Mrs. Essie Mae Tuggle brought an action against Loyd M. Chesser in which she sought to recover the value of the life of her son who was killed when he was struck by an automobile owned and being driven by the defendant. On the trial the jury returned a verdict for the plaintiff. The plaintiff filed a motion for a new trial on the usual general grounds which she later amended by adding several special grounds, one of which was that the verdict was so inadequate ■ as to show bias and prejudice on the part of the jury. The plaintiff’s motion for new trial was granted and the defendant excepted. Held:
1. It is well settled that the first grant of a new trial will not be disturbed unless the verdict of the jury is demanded by the evidence, but where a small verdict for the plaintiff is returned in a case where the evidence demands a verdict for the defendant, the grant of a new trial for the plaintiff may be successfully attacked by 'the defendant should he desire to pay the small verdict rather than to move for a new trial. See Rosenberg v. Sund, 81 Ga. App. 856, 862 (60 S. E. 2d 390), and citations.
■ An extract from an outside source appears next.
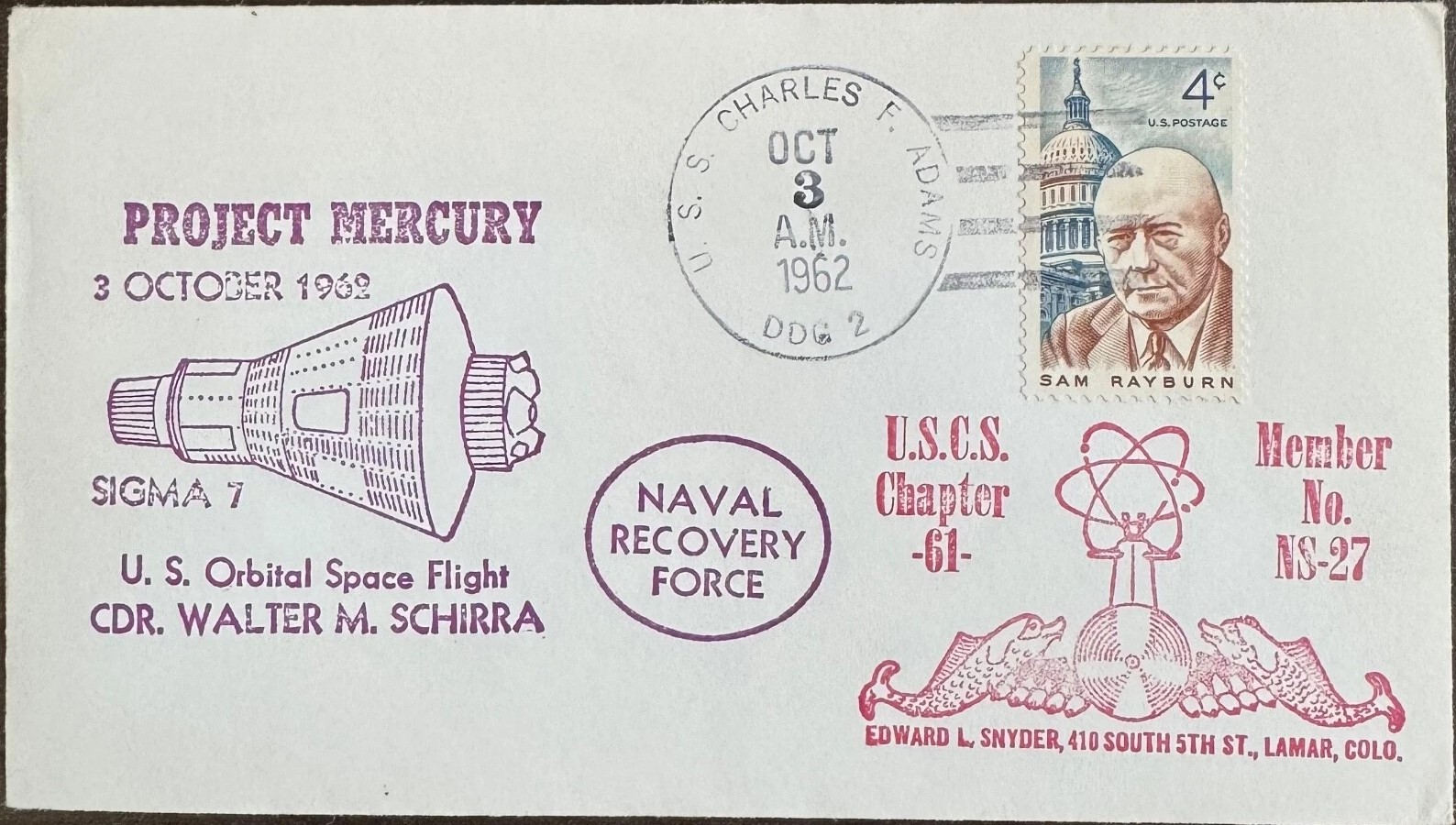 ![]() Second Recovery Ship "USS Charles F. Adams" cancel. Credit: #411 |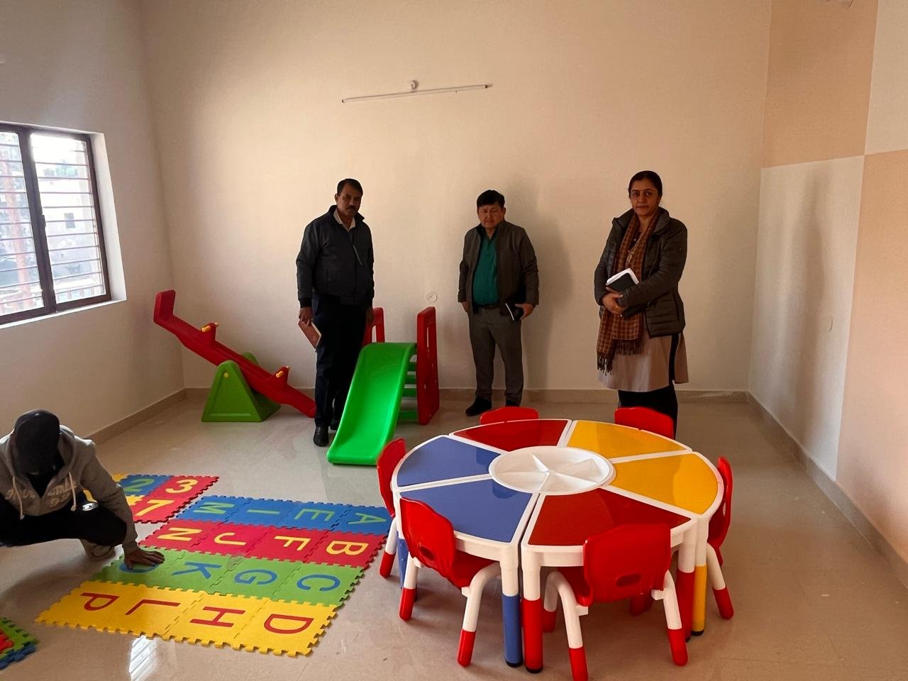 आधुनिक इनोसेटिव केयर शेल्टर बच्चों की खेल सामग्री, फर्नीचर आदि उपकरण से हो रही हैं विकसित।

2. The evidence in the present case was in sharp conflict as to the circumstances surrounding the child’s death. Witnesses for the plaintiff testified that the deceased was crossing the road from the defendant’s left to his right, while the defendant testified that the deceased ran out from behind an embankment on his, the defendant’s, right just as he reached the point of impact. There was testimony placing the speed of *775the defendant at as low as 35 miles per hour to as high as 60 or 70 miles per hour at the point of impact, and there was evidence that the child’s body was thrown as far as 160 feet from the point of impact. The evidence did not demand a verdict for the defendant, and the trial court’s judgment granting the plaintiff a first new trial will not be disturbed.
Decided June, 23, 1958. Allison, Pittard & Webb, Chas. C. Pittard, for plaintiff in error. B. Beverly Irwin, Osgood 0. Williams, contra.Judgment affirmed.
Felton, C. J., and Quillian, J., concur.